TL;DR
This paper provides a theoretical analysis and closed-form solutions for kernelized adversarial representation learning, demonstrating its effectiveness in achieving invariant data representations with guarantees, and comparing favorably to existing methods.
Contribution
It introduces a spectral learning approach for global optima in kernelized adversarial learning, extending analysis from linear to non-linear functions with performance guarantees.
Findings
Closed-form solutions for linear case global optima.
Performance bounds on utility and invariance.

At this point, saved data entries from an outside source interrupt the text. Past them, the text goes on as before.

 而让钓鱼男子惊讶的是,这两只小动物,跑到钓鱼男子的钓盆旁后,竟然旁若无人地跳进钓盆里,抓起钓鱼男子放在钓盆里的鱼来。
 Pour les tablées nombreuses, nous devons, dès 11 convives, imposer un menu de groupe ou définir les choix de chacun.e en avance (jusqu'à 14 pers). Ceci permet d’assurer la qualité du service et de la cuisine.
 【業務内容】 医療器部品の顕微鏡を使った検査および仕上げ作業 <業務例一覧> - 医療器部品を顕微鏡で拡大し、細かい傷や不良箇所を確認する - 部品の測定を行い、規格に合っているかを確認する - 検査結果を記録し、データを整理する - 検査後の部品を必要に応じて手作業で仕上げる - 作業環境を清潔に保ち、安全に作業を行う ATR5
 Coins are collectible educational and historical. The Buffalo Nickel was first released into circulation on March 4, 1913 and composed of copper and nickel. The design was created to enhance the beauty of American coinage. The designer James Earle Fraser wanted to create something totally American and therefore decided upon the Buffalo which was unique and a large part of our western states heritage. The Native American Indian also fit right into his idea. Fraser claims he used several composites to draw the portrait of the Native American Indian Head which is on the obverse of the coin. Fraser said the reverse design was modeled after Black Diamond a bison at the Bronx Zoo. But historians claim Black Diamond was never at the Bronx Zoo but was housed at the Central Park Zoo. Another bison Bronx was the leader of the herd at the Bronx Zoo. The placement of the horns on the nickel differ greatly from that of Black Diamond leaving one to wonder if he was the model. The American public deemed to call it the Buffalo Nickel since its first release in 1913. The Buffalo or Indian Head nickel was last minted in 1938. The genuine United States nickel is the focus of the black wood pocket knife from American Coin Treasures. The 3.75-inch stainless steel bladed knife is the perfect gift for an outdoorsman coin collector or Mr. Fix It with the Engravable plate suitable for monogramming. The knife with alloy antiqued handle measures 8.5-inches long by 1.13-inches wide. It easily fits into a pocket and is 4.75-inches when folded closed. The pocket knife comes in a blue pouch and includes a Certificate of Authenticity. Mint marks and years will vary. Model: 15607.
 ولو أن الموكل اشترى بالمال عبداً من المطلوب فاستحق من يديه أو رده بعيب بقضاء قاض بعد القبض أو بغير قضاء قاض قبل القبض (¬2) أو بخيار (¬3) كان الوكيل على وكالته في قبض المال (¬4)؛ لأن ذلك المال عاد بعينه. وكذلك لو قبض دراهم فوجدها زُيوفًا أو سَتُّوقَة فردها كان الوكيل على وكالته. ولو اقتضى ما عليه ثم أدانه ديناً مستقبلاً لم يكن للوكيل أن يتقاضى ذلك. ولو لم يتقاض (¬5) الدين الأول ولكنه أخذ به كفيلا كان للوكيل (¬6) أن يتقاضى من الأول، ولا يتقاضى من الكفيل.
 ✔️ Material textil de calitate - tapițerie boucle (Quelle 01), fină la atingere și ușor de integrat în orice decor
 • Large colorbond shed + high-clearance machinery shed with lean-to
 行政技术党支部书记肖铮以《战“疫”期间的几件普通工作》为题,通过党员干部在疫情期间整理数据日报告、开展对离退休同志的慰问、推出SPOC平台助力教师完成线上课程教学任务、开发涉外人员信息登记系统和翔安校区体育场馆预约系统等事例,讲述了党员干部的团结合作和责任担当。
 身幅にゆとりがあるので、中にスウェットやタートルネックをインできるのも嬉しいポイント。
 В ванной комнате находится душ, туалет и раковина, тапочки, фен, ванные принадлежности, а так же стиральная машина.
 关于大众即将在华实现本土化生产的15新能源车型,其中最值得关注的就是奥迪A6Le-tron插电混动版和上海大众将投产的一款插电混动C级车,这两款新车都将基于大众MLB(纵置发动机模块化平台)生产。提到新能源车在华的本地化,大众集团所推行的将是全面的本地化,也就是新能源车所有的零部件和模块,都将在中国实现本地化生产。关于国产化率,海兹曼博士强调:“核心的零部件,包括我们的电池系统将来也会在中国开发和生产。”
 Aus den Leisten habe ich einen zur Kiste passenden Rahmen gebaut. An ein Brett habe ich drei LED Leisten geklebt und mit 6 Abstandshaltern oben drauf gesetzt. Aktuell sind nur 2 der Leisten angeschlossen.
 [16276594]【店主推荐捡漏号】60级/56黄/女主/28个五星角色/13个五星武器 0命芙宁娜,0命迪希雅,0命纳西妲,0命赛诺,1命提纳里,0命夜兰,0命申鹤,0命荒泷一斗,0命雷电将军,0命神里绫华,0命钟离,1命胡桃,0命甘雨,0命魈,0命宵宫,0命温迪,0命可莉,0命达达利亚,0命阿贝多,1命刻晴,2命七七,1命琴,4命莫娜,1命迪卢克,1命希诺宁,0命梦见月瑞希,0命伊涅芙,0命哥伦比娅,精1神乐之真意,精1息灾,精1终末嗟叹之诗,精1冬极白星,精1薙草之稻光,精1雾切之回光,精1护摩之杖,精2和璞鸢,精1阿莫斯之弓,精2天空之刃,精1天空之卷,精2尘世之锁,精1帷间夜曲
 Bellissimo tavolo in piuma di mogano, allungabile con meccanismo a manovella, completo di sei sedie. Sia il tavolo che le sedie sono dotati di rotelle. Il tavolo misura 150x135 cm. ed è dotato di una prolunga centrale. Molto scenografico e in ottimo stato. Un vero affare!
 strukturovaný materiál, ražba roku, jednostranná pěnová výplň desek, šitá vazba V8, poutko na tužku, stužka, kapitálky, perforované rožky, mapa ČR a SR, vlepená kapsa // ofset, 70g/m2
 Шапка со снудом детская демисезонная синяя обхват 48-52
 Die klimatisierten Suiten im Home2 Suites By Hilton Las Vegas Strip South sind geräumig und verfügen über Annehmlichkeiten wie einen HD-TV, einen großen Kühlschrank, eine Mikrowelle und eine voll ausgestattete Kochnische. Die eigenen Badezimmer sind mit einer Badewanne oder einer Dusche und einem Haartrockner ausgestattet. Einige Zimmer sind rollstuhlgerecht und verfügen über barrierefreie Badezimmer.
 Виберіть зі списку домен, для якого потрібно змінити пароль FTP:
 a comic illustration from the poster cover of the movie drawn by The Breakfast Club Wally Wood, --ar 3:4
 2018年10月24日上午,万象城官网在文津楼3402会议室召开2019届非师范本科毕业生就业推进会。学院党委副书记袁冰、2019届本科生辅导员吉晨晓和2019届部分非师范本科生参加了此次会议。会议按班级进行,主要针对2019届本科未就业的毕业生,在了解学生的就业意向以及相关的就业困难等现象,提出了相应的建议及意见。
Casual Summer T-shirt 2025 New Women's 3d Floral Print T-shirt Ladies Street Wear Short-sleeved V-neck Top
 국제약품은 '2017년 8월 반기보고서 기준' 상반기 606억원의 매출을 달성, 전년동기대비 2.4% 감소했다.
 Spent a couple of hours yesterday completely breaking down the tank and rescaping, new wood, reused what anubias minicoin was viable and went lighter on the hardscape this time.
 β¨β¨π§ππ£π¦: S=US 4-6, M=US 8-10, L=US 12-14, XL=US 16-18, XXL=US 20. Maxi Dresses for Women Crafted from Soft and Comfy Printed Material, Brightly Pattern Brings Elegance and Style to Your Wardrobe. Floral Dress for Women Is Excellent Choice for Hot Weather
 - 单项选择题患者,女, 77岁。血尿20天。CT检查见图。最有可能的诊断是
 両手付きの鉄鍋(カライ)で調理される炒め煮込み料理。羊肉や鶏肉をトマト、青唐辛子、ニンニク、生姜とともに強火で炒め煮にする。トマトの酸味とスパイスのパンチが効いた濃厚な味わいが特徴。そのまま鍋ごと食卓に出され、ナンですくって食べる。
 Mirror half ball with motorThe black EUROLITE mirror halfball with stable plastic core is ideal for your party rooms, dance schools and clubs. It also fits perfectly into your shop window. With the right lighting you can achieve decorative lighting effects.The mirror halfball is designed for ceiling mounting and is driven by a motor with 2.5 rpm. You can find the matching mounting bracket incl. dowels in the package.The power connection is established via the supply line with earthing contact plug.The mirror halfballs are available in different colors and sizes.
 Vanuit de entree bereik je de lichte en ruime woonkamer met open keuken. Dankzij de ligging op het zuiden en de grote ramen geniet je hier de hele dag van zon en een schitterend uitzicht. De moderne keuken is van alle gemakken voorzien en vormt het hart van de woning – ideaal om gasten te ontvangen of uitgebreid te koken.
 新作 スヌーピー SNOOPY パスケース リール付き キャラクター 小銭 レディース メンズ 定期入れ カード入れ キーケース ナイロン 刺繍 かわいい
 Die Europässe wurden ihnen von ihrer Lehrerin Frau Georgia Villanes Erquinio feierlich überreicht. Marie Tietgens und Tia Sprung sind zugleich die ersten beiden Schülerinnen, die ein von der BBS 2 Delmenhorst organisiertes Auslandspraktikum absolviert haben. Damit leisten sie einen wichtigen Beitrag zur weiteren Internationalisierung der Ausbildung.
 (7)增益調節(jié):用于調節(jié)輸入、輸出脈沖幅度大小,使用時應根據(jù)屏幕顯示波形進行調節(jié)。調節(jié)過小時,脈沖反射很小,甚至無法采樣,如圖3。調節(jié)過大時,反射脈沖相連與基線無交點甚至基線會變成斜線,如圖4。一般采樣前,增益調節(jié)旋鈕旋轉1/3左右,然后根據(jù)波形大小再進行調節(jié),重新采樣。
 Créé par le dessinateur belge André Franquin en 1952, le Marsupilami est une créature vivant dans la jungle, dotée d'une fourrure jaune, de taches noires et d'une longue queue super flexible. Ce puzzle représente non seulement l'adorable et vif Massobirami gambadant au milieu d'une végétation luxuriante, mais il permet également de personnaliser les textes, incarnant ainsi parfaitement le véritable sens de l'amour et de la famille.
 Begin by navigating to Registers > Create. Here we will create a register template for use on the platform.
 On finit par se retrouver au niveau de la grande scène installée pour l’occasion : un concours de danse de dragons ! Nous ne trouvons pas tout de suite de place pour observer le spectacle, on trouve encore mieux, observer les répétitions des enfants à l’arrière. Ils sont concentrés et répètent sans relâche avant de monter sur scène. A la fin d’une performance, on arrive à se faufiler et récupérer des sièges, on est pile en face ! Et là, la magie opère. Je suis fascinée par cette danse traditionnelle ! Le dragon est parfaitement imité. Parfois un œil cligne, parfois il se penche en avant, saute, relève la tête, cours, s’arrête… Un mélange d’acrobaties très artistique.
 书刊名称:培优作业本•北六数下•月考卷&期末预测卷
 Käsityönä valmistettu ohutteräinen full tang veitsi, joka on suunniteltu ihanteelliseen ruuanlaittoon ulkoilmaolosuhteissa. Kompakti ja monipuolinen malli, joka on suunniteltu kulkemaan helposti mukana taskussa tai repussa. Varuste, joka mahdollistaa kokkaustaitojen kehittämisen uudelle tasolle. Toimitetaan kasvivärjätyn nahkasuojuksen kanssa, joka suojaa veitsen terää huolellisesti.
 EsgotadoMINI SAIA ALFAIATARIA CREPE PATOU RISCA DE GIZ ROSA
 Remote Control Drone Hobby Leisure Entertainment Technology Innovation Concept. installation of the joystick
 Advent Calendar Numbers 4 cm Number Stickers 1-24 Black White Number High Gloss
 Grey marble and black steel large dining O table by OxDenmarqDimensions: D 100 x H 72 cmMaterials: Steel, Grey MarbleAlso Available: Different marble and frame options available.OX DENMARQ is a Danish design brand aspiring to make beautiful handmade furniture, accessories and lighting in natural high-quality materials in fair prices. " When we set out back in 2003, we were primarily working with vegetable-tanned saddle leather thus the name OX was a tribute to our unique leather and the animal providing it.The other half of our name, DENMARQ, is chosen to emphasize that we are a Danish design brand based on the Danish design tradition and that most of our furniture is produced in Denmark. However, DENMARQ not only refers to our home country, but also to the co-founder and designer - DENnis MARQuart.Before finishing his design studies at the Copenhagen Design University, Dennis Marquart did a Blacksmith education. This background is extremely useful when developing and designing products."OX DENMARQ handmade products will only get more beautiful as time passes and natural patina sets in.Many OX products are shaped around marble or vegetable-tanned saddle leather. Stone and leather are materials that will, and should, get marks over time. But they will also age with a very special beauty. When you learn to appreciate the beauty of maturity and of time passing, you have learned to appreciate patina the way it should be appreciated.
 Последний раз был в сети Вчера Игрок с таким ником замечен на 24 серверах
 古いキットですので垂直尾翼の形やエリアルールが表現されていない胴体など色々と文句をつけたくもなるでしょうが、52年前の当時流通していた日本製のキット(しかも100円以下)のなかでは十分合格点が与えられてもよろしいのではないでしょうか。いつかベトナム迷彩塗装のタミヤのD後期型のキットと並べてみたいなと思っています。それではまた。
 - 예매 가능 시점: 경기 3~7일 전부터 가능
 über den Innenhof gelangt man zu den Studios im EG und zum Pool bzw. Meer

Empirical results showing comparable utility-invariance trade-offs.
Abstract
Adversarial representation learning is a promising paradigm for obtaining data representations that are invariant to certain sensitive attributes while retaining the information necessary for predicting target attributes. Existing approaches solve this problem through iterative adversarial minimax optimization and lack theoretical guarantees. In this paper, we first study the "linear" form of this problem i.e., the setting where all the players are linear functions. We show that the resulting optimization problem is both non-convex and non-differentiable. We obtain an exact closed-form expression for its global optima through spectral learning and provide performance guarantees in terms of analytical bounds on the achievable utility and invariance. We then extend this solution and analysis to non-linear functions through kernel representation. Numerical experiments on UCI, Extended Yale…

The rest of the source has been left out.